- [TO DO]:
Transcribe the entries below word for word, beginning at the line with "Антверпен- ворота Европы" and stopping after the line with "افتتاح مرکز داده آمین"; drop all pictures.

[Data extracted from a collection]

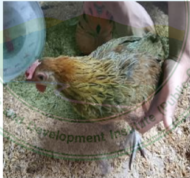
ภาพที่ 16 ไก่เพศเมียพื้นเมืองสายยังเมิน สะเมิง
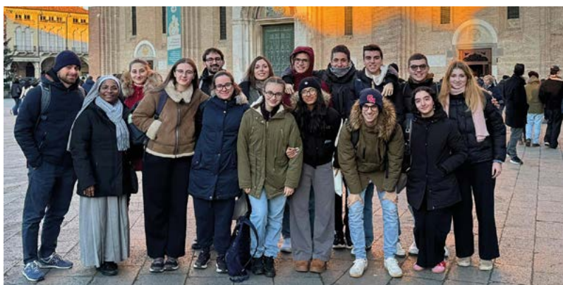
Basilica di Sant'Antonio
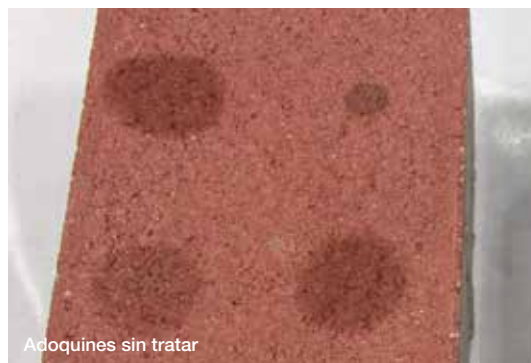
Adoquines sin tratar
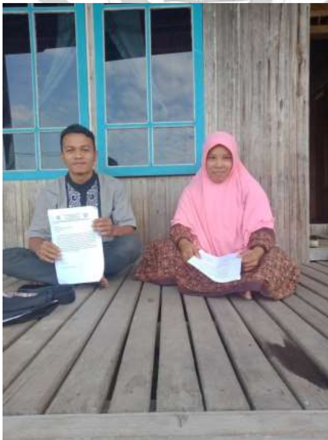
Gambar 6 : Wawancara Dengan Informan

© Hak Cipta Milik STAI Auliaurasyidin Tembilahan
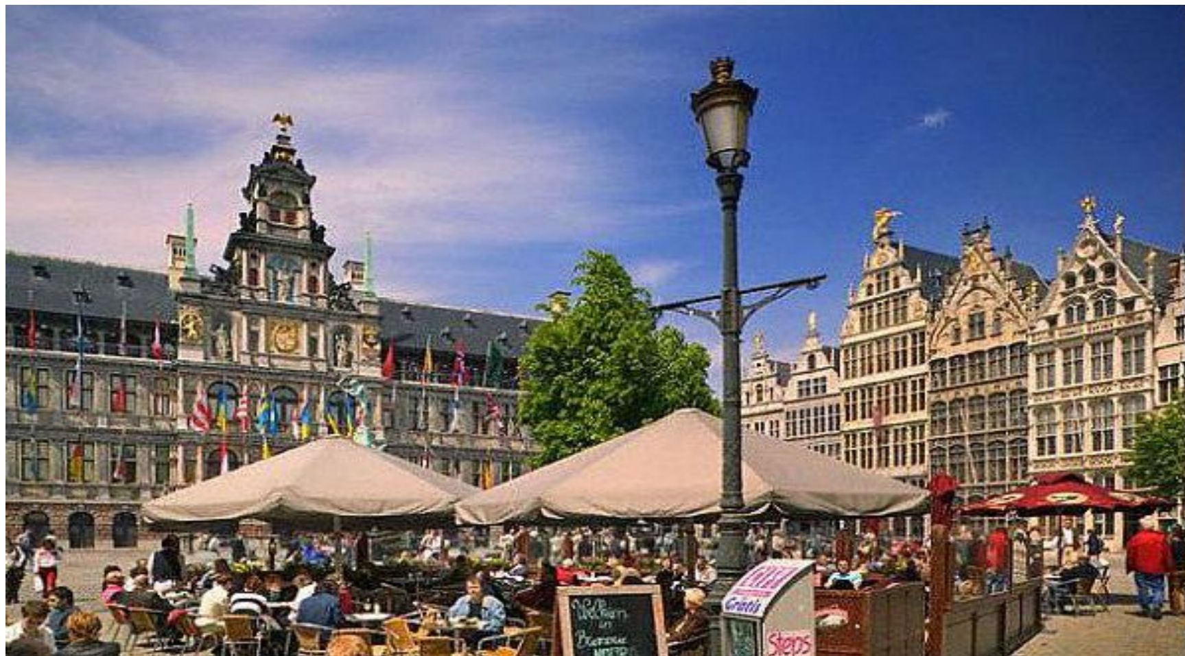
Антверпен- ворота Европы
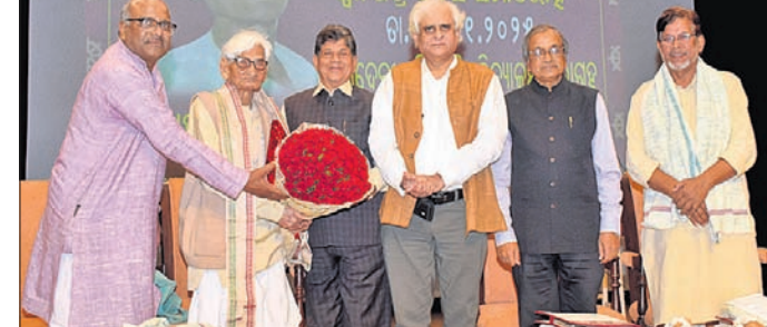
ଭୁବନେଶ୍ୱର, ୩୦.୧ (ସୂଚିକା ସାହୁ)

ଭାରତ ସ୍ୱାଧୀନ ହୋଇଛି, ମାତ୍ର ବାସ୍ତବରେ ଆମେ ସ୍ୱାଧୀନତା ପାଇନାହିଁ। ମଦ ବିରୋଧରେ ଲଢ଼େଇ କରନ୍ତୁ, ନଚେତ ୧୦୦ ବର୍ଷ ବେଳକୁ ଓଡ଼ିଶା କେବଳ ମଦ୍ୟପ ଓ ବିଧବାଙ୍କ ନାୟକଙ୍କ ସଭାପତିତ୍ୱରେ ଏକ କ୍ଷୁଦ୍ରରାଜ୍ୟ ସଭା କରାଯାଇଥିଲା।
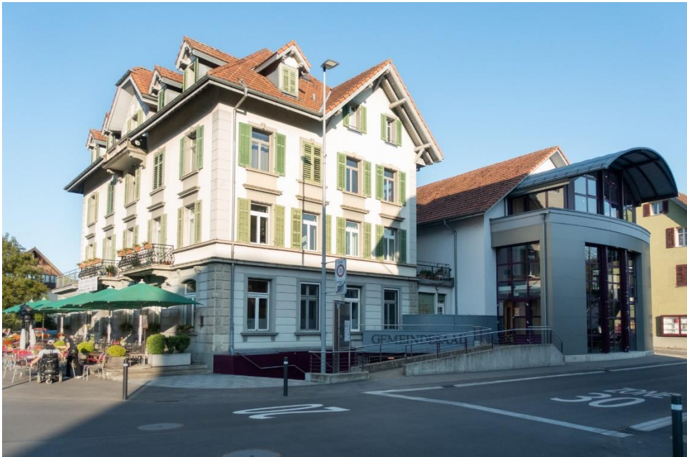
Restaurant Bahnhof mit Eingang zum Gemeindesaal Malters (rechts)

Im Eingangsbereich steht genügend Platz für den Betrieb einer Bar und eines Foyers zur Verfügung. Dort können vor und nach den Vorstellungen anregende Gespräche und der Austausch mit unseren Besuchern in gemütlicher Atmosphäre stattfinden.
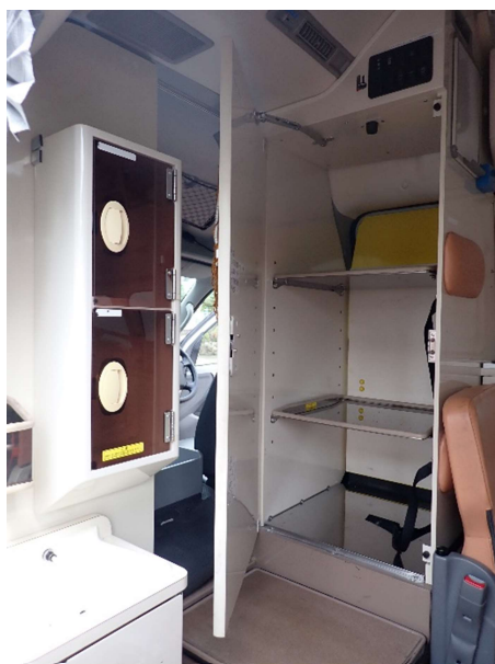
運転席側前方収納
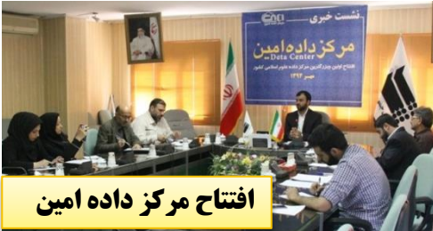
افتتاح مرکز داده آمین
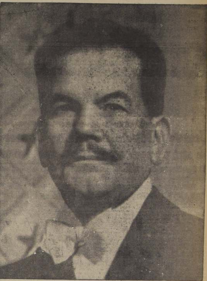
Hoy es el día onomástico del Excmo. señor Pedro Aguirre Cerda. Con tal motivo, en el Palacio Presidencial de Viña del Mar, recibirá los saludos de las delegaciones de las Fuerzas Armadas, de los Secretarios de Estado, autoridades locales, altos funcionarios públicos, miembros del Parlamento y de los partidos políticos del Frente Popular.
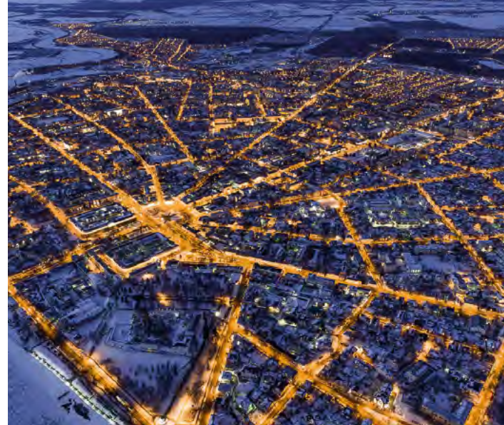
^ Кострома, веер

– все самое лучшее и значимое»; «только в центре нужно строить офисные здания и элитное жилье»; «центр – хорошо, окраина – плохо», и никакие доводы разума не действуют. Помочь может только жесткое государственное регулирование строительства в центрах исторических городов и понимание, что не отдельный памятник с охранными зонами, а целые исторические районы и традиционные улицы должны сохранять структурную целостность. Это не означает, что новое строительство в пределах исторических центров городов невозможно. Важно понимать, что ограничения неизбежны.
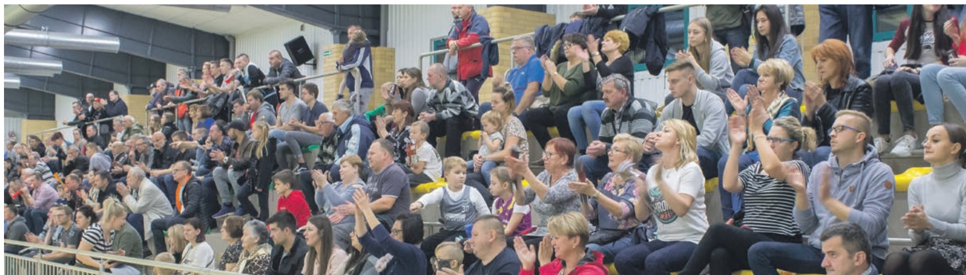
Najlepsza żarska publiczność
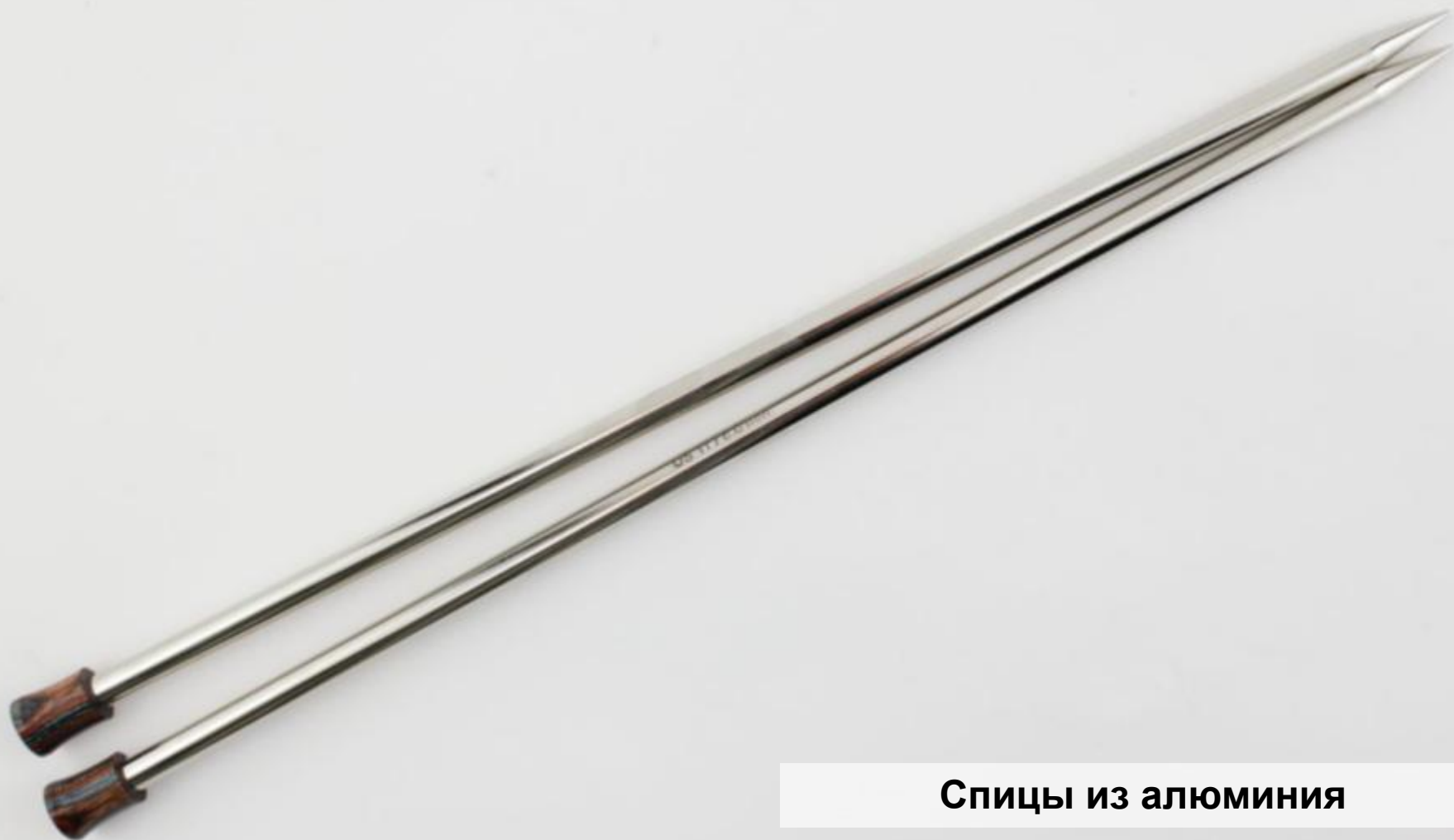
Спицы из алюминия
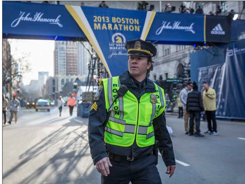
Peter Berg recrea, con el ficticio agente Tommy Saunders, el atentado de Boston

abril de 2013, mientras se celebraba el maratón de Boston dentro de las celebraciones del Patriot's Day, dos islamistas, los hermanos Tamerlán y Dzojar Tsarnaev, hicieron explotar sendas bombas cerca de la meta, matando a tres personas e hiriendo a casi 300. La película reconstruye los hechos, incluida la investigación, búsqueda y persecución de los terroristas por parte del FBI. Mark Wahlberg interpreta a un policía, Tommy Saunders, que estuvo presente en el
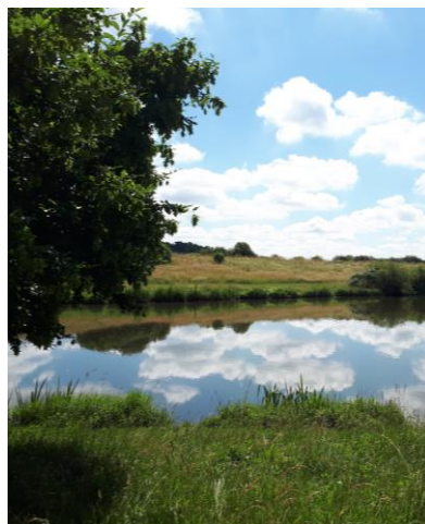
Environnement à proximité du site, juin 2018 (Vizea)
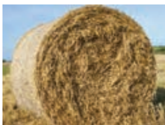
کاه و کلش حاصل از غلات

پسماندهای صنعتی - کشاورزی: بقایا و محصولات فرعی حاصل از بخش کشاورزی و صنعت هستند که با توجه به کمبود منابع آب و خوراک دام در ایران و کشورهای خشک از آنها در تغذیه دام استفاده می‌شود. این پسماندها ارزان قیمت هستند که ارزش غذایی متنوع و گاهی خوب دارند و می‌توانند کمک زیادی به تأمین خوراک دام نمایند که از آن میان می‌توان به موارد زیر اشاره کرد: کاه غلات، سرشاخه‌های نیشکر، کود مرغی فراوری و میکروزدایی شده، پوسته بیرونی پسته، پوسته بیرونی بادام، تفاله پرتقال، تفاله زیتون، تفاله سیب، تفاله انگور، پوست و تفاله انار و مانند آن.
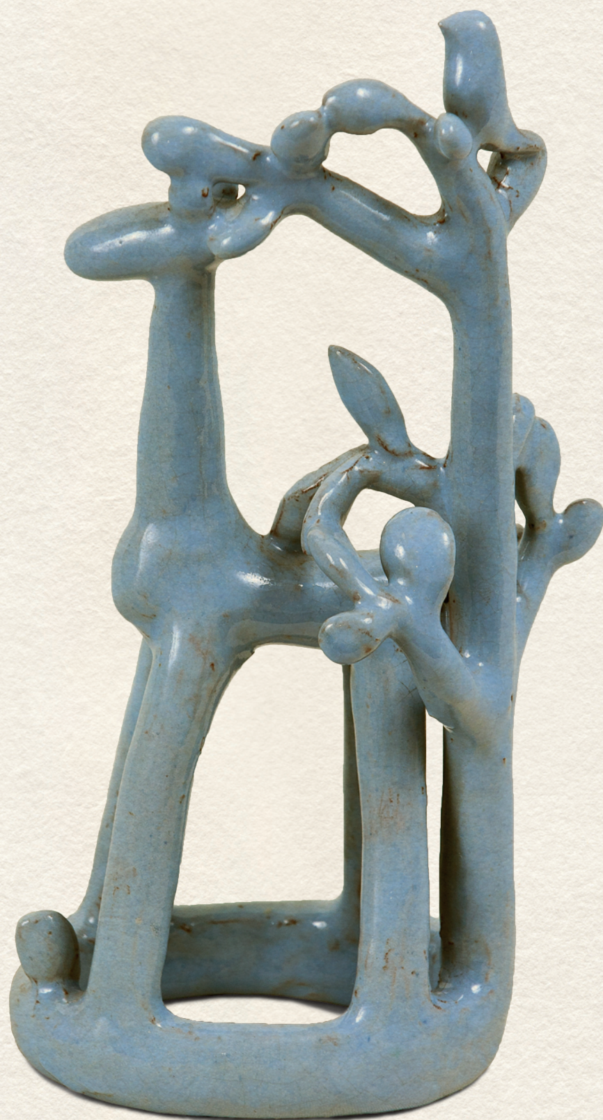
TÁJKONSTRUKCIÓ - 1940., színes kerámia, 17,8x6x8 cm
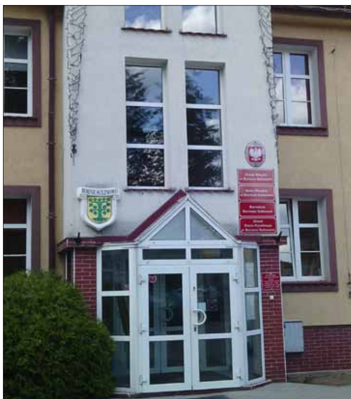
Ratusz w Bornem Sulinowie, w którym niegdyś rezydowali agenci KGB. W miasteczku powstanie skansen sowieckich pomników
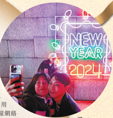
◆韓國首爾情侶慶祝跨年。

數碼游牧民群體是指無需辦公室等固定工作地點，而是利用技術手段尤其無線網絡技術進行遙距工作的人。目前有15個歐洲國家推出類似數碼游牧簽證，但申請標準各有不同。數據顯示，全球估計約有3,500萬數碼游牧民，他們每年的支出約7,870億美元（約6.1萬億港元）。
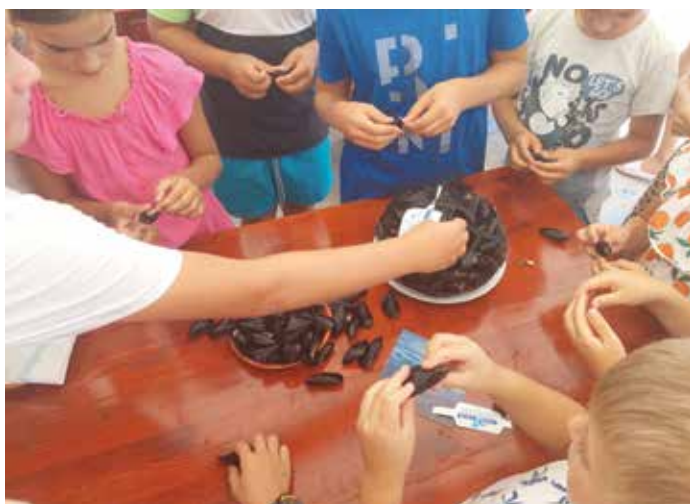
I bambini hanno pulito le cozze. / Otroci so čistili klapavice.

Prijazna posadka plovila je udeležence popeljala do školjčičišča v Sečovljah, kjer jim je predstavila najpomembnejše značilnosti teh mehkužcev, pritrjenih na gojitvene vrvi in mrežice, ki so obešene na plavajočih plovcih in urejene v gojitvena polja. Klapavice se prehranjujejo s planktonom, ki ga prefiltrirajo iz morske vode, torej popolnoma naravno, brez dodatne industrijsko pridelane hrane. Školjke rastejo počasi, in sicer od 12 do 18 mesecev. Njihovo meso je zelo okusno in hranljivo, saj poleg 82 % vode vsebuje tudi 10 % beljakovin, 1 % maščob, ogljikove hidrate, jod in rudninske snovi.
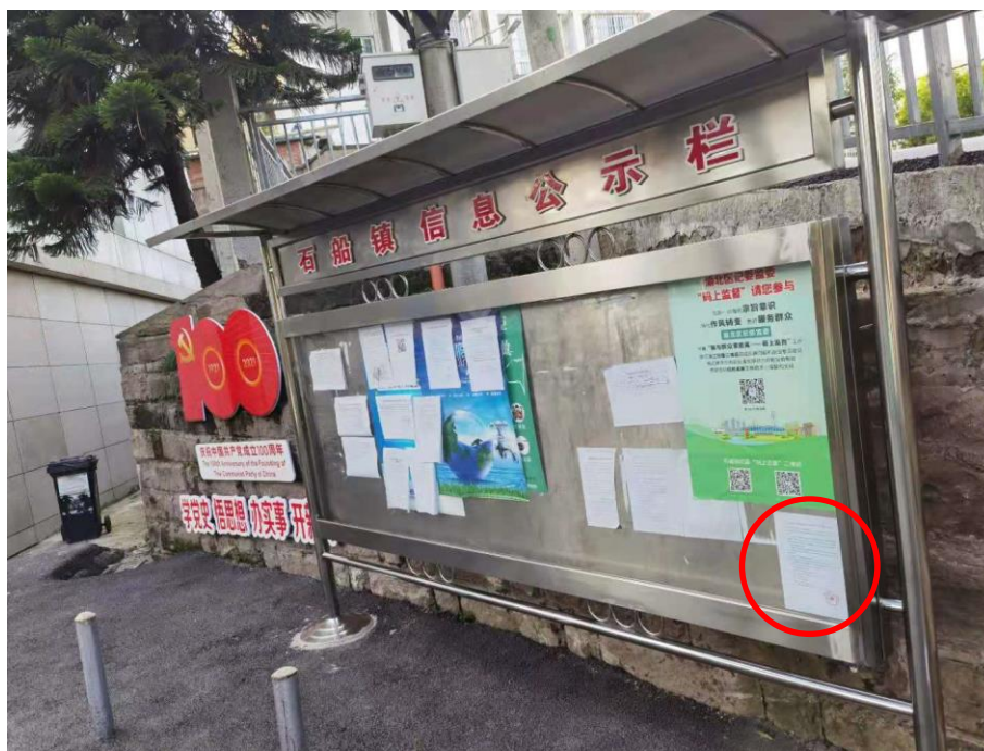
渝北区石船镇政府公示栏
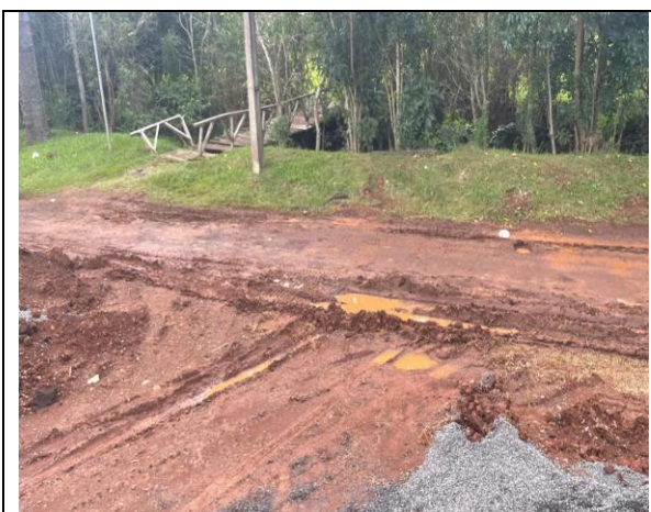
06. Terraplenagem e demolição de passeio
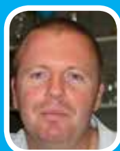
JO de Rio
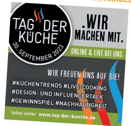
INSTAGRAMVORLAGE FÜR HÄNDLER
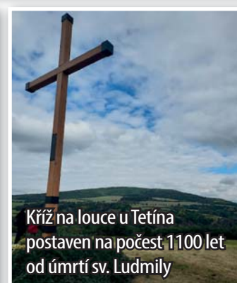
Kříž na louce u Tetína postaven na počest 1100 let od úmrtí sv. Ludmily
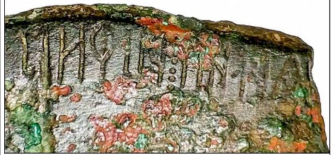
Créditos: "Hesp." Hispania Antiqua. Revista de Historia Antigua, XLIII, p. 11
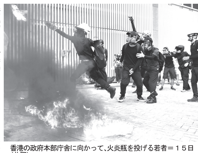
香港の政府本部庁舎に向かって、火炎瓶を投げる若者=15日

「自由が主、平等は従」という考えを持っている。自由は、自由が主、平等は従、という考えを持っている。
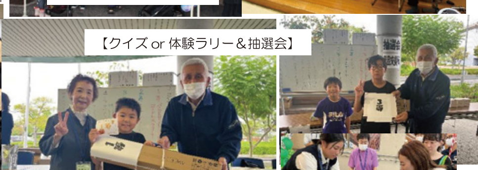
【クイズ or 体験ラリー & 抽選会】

- [REPLY TO THE EXERCISE]:
Антверпен- ворота Европы
ଭୁବନେଶ୍ୱର, ୩୦.୧ (ସୂଚିକା ସାହୁ)

ଭାରତ ସ୍ୱାଧୀନ ହୋଇଛି, ମାତ୍ର ବାସ୍ତବରେ ଆମେ ସ୍ୱାଧୀନତା ପାଇନାହିଁ। ମଦ ବିରୋଧରେ ଲଢ଼େଇ କରନ୍ତୁ, ନଚେତ ୧୦୦ ବର୍ଷ ବେଳକୁ ଓଡ଼ିଶା କେବଳ ମଦ୍ୟପ ଓ ବିଧବାଙ୍କ ନାୟକଙ୍କ ସଭାପତିତ୍ୱରେ ଏକ କ୍ଷୁଦ୍ରରାଜ୍ୟ ସଭା କରାଯାଇଥିଲା।
Restaurant Bahnhof mit Eingang zum Gemeindesaal Malters (rechts)

Im Eingangsbereich steht genügend Platz für den Betrieb einer Bar und eines Foyers zur Verfügung. Dort können vor und nach den Vorstellungen anregende Gespräche und der Austausch mit unseren Besuchern in gemütlicher Atmosphäre stattfinden.
運転席側前方収納
افتتاح مرکز داده آمین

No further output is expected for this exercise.